Generative AI (hereinafter: “GenAI”) has quickly become an integral part of creative processes. GenAI models can effortlessly produce text, images, and music, sometimes even in the form of (almost) literal reproductions of existing copyrighted works. This is referred to as “memorisation.” Memorisation occurs when a GenAI model is able to reproduce (fragments of) training data verbatim. This does not involve imitating a particular style or providing a general summary of a piece but rather delivering output in which the work can actually be seen one-to-one.

This creates legal tensions between copyright and GenAI. For organizations that use GenAI, this topic is also directly relevant because it is not always predictable whether output can (partly) rely on copyright-protected works that appear in training data.

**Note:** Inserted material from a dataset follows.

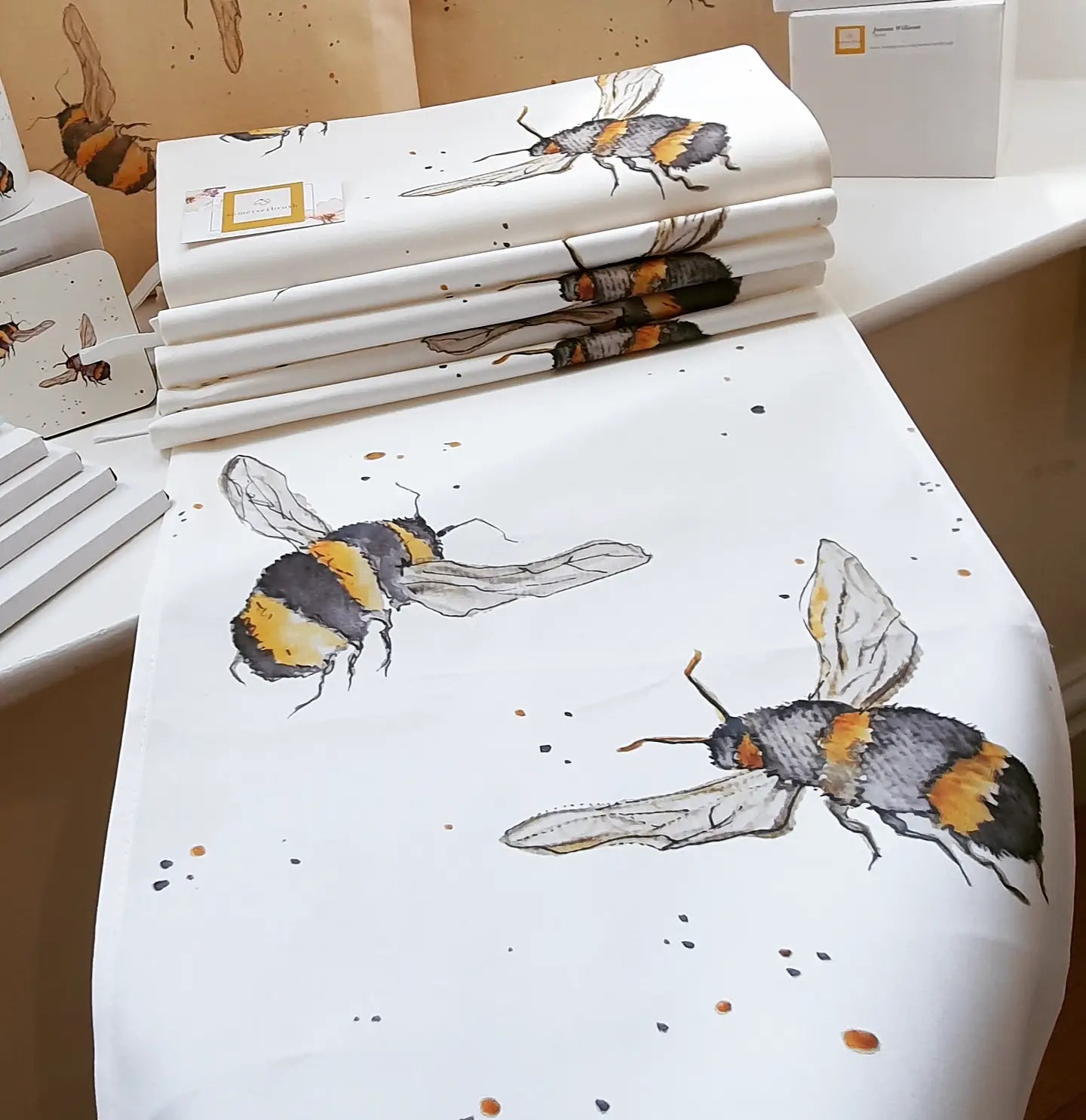Packaged Bumble Bee Tea Towel with Original Double Bee Print. One Size

Increasingly, disputes focus not only on the training of GenAI, but also on whether the output itself can constitute a copyright infringement. At the time of writing, there is no definitive ruling on this matter in the Netherlands, but judges in several foreign jurisdictions have ruled on this issue. The key question is therefore: can memorisation lead to the generated output or the GenAI model as such being regarded as an infringing work, and who is liable for this? This blog discusses these judgments and their implications.

Copyright infringement

First of all, it is important to determine when an infringement of copyright has actually occurred. Under the Dutch Copyright Act, the copyright holder has two exclusive rights: ‘the right to make the work available to the public’ and ‘the right to reproduce it’ (also known as ‘copying’). An act of publication of the work occurs when an existing protected work is shown to an audience without the copyright holder's permission. Reproduction involves both copies of an existing work and imitations in modified form, provided that the protected features of the original work have been copied. Only the copyright holder may perform these acts with regard to their work. Others may only do so with the permission of the copyright holder.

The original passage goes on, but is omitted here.